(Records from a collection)
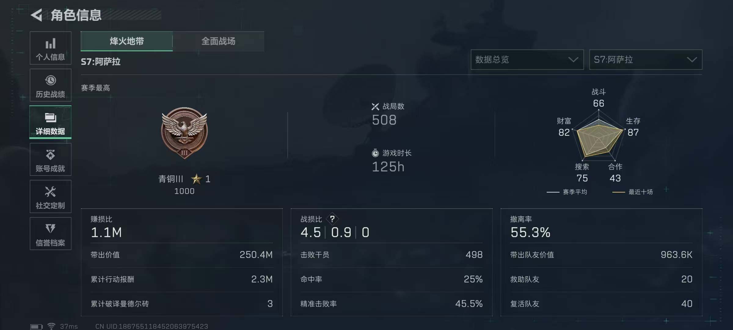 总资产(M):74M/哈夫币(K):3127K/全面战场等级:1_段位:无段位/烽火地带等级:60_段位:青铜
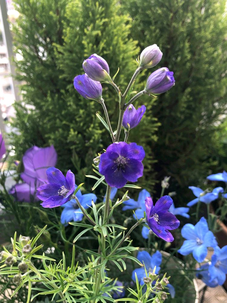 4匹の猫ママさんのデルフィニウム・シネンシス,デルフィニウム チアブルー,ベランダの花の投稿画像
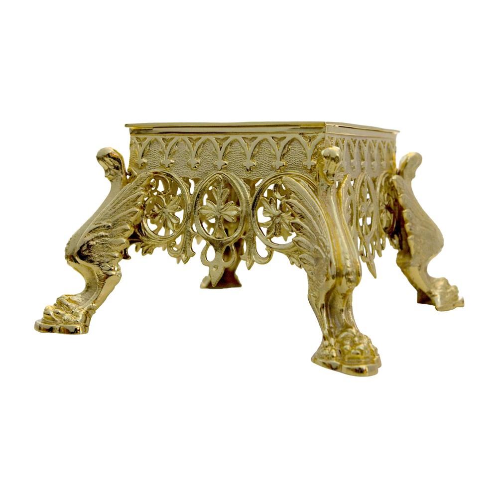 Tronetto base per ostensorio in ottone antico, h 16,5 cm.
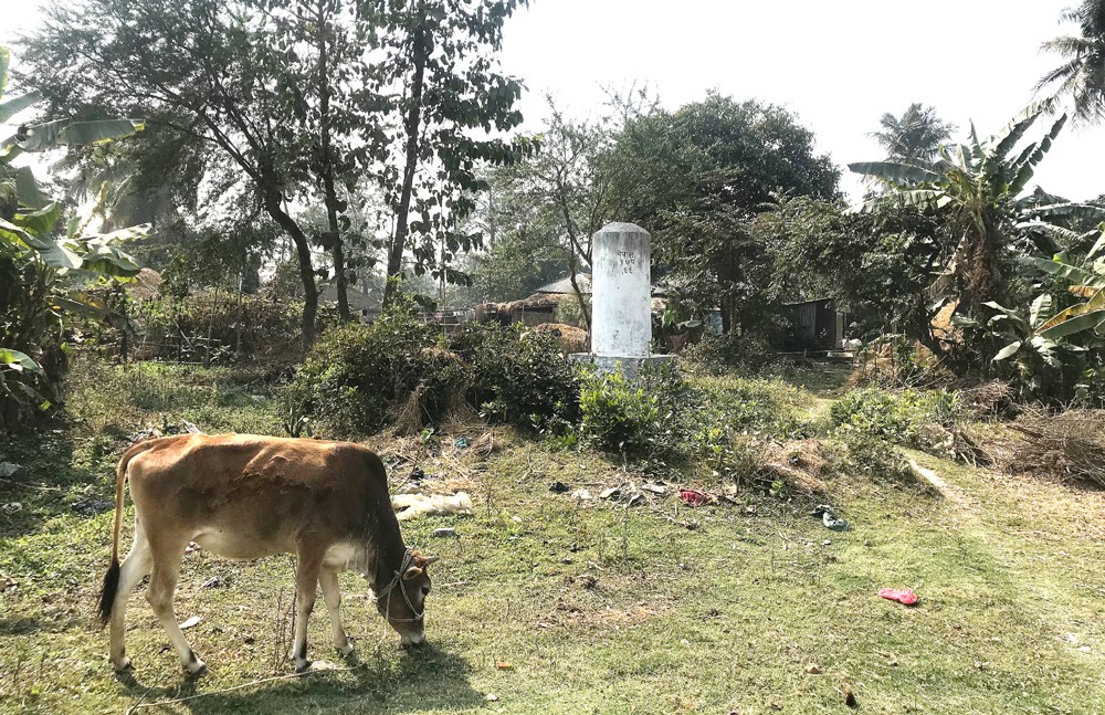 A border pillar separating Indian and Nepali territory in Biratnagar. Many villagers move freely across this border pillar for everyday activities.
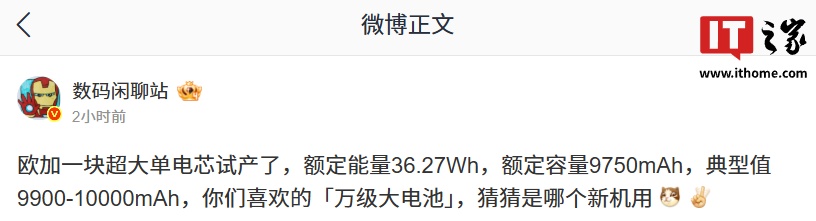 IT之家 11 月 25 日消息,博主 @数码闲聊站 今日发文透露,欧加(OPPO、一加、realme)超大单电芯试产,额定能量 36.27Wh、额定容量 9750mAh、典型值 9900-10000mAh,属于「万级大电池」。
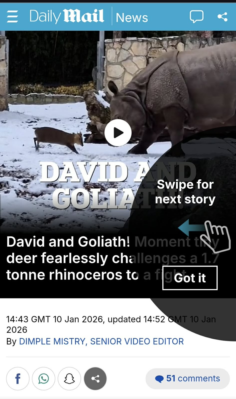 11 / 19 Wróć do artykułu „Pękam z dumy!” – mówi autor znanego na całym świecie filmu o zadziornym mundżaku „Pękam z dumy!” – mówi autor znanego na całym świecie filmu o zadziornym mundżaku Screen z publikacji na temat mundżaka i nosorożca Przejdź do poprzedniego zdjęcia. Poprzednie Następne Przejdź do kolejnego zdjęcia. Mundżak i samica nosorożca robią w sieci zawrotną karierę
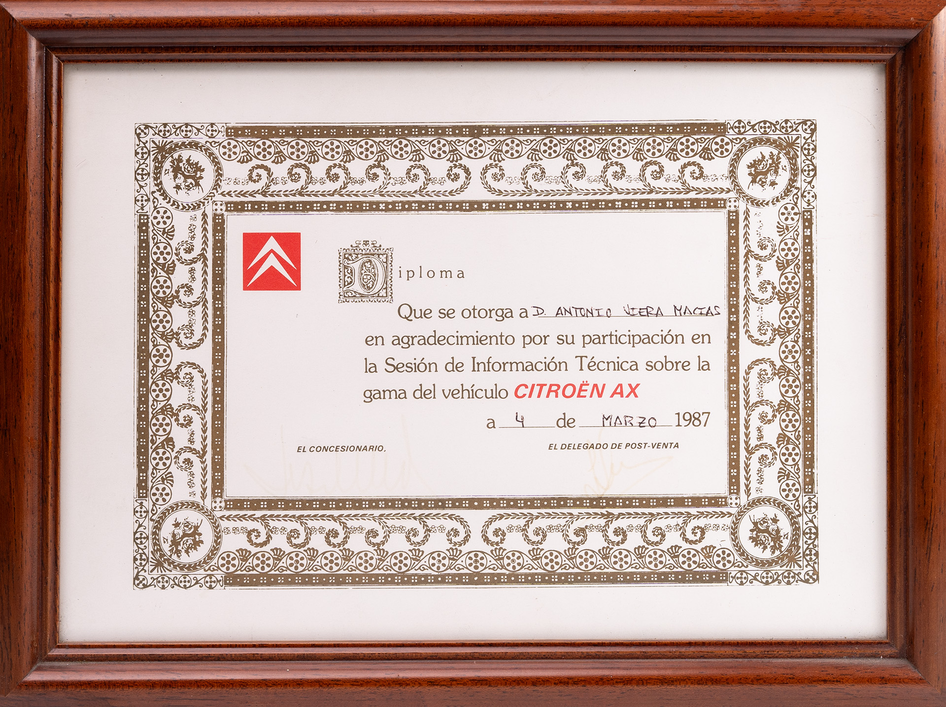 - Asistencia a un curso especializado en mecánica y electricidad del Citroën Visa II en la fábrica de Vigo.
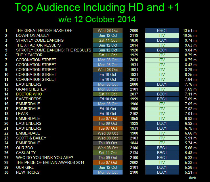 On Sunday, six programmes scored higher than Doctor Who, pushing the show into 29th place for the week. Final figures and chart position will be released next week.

◆ **To do**
Transcribe exactly, and only, the lines from the one containing "IT之家 11 月 25" through the last line of the records above, both included; leave out the pictures.

◆ **Result below**
 IT之家 11 月 25 日消息,博主 @数码闲聊站 今日发文透露,欧加(OPPO、一加、realme)超大单电芯试产,额定能量 36.27Wh、额定容量 9750mAh、典型值 9900-10000mAh,属于「万级大电池」。
 11 / 19 Wróć do artykułu „Pękam z dumy!” – mówi autor znanego na całym świecie filmu o zadziornym mundżaku „Pękam z dumy!” – mówi autor znanego na całym świecie filmu o zadziornym mundżaku Screen z publikacji na temat mundżaka i nosorożca Przejdź do poprzedniego zdjęcia. Poprzednie Następne Przejdź do kolejnego zdjęcia. Mundżak i samica nosorożca robią w sieci zawrotną karierę
 - Asistencia a un curso especializado en mecánica y electricidad del Citroën Visa II en la fábrica de Vigo.
 On Sunday, six programmes scored higher than Doctor Who, pushing the show into 29th place for the week. Final figures and chart position will be released next week.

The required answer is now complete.